What Microsoft CTO Kevin Scott told CEO Satya Nadella in email on the OpenAI Board firing CEO Sam Altman in 2023 – The Times of India


What Microsoft CTO Kevin Scott told CEO Satya Nadella in email on the OpenAI Board firing CEO Sam Altman in 2023
Internal power struggles over GPU resources and a chief scientist’s resentment over a colleague’s promotion led to Sam Altman’s ouster from OpenAI, according to Microsoft CTO Kevin Scott. Inexperienced board members, swayed by a one-sided story, failed to grasp the consequences of firing the CEO, sparking employee backlash and a swift return for Altman.

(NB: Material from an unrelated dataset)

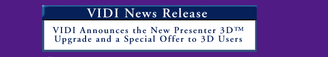 "With the Presenter 3D release, VIDI is elevating the level of 3D modeling and animation", says Nick Pavlovic, VIDI CEO. "Building on our Digital Clay(tm) sculpting and Directional 3D Sound(tm) capabilities, VIDI is introducing powerful Multi-Target Morphing, ground-breaking Explore surface editing, unique motion control plug-ins, and complete QuickTime VR movie generation capabilities. These make high-end effects like the geese flocking scene in Fly Away Home and the lip syncing of Toy Story now readily doable and affordable on the Macintosh. To share the benefits of this new technology, VIDI intends to treat all 3D users as its user base and is making a special upgrade offer that provides its $2,000 product to Strata, Electric Image, Infini-D, and other 3D users for $999, valid through December 31, 1996. In addition to all the new capabilities and a low price, the Presenter 3D upgrade provides many of the promised features that users of other 3D products have been waiting to get from their 3D vendors. These include features like Extrude, Lathe, and Sweep in place with interactive controls and preview, seeing the scene from the point of view of the spotlight or movie projector, and automatic camera edits. These along with Directional 3D Sound have been standard features with VIDI for the past two years."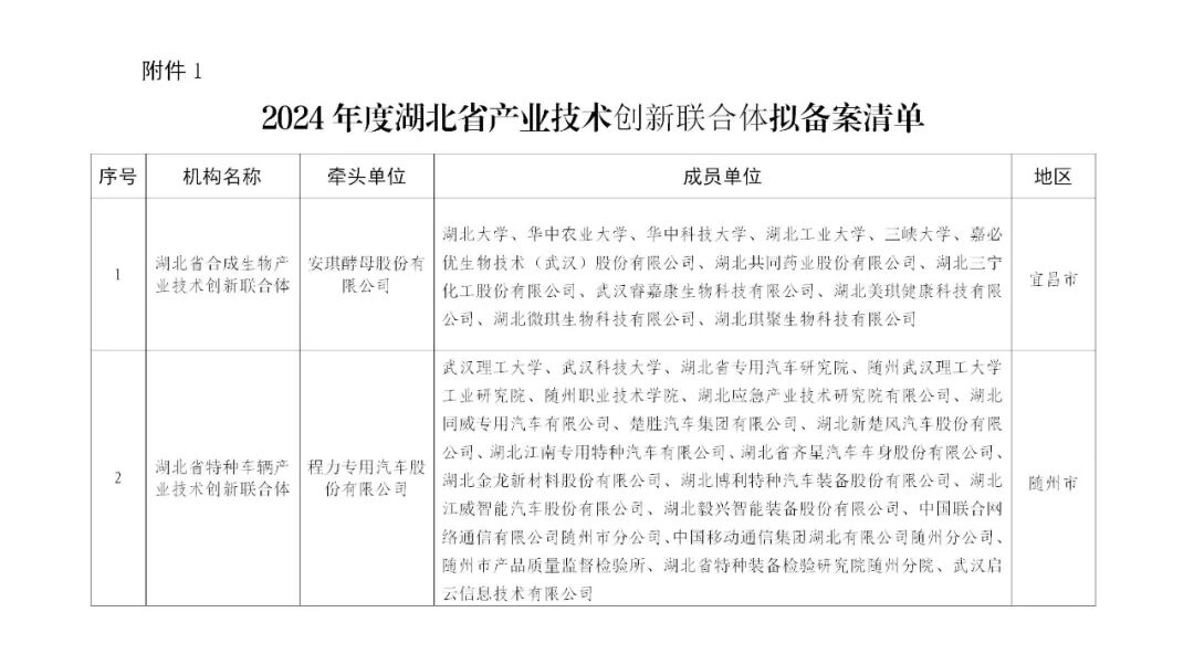 附件:1.2024年度湖北省产业技术创新联合体拟备案清单

Microsoft’s Chief Technology Officer Kevin Scott had a blunt diagnosis for why OpenAI‘s board fired Sam Altman in November 2023: internal power struggles over GPUs and a chief scientist struggling with a colleague’s promotion. In an email sent to CEO Satya Nadella on November 19, 2023, Scott laid out the messy reality behind the shock dismissal. Board member Ilya Sutskever had grown increasingly frustrated with Altman over two specific issues that had been festering inside OpenAI.The first was a fight over computing resources. ChatGPT’s explosive success meant GPUs were being diverted to the API and consumer products. Research teams felt starved. They could “always use more GPUs because what they’re doing is literally insatiable,” Scott wrote. The researchers blamed Applied AI for hogging resources. Applied AI believed they deserved priority. Neither side saw the bigger picture.

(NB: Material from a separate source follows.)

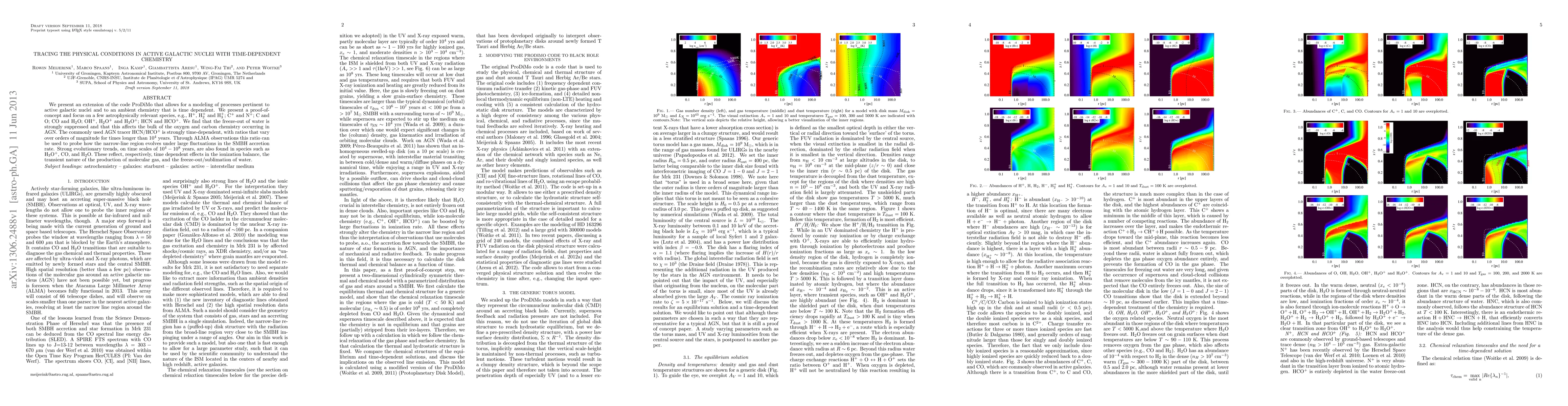 We present an extension of the code ProDiMo that allows for a modeling of processes pertinent to active galactic nuclei and to an ambient chemistry that is time dependent. We present a proof-of-concept and focus on a few astrophysically relevant species, e.g., H+, H2+ and H3+; C+ and N+; C and O; CO and H2O; OH+, H2O+ and H3O+; HCN and HCO+. We find that the freeze-out of water is strongly suppressed and that this affects the bulk of the oxygen and carbon chemistry occurring in AGN. The commonly used AGN tracer HCN/HCO+ is strongly time-dependent, with ratios that vary over orders of magnitude for times longer than 10^4 years. Through ALMA observations this ratio can be used to probe how the narrow-line region evolves under large fluctuations in the SMBH accretion rate. Strong evolutionary trends, on time scales of 10^4-10^8 years, are also found in species such as H3O+, CO, and H2O. These reflect, respectively, time dependent effects in the ionization balance, the transient nature of the production of molecular gas, and the freeze-out/sublimation of water.

The promotion that changed everything

The second conflict cut deeper. Jakub Pachocki, who had worked under Sutskever, started making major research breakthroughs. Altman promoted him to lead OpenAI’s core model development. The move was logical from a CEO perspective. For Sutskever, it stung. His former subordinate was now arguably more important than him.“Ilya has had a very, very hard time with this,” Scott explained. The shift happened fast, and Sutskever struggled watching someone he’d mentored leapfrog into a leadership role tackling problems “Ilya has been trying to solve the past few years with little or no progress.”

Board members ‘susceptible’ to one-sided story

Scott didn’t mince words about the board’s competence. He described some members as “effective altruism folks” who wanted unlimited money to build AGI “just to study and ponder, but not to do anything with.”None had enough business experience to understand that firing Altman wouldn’t solve their concerns. It would make them worse. They also bungled the execution. No one sought outside counsel on managing a CEO transition at “the hottest company in the world.”The timeline Scott provided showed the chaos. Thursday night: board alerts Mira Murati. Friday noon: Altman fired, Greg Brockman removed, blog post goes live. By late Friday: researchers flood Altman with messages pledging loyalty and threatening to quit. Pachocki was among the first to reach out.Within five days, nearly every OpenAI employee signed a letter demanding Altman’s return. Microsoft swooped in with job offers. The board caved. Altman later told Bill Gates the whole ordeal was “extremely painful” but ultimately strengthened the company. Scott’s email captured why it happened: inexperienced directors fell for an incomplete narrative about resource battles and bruised egos.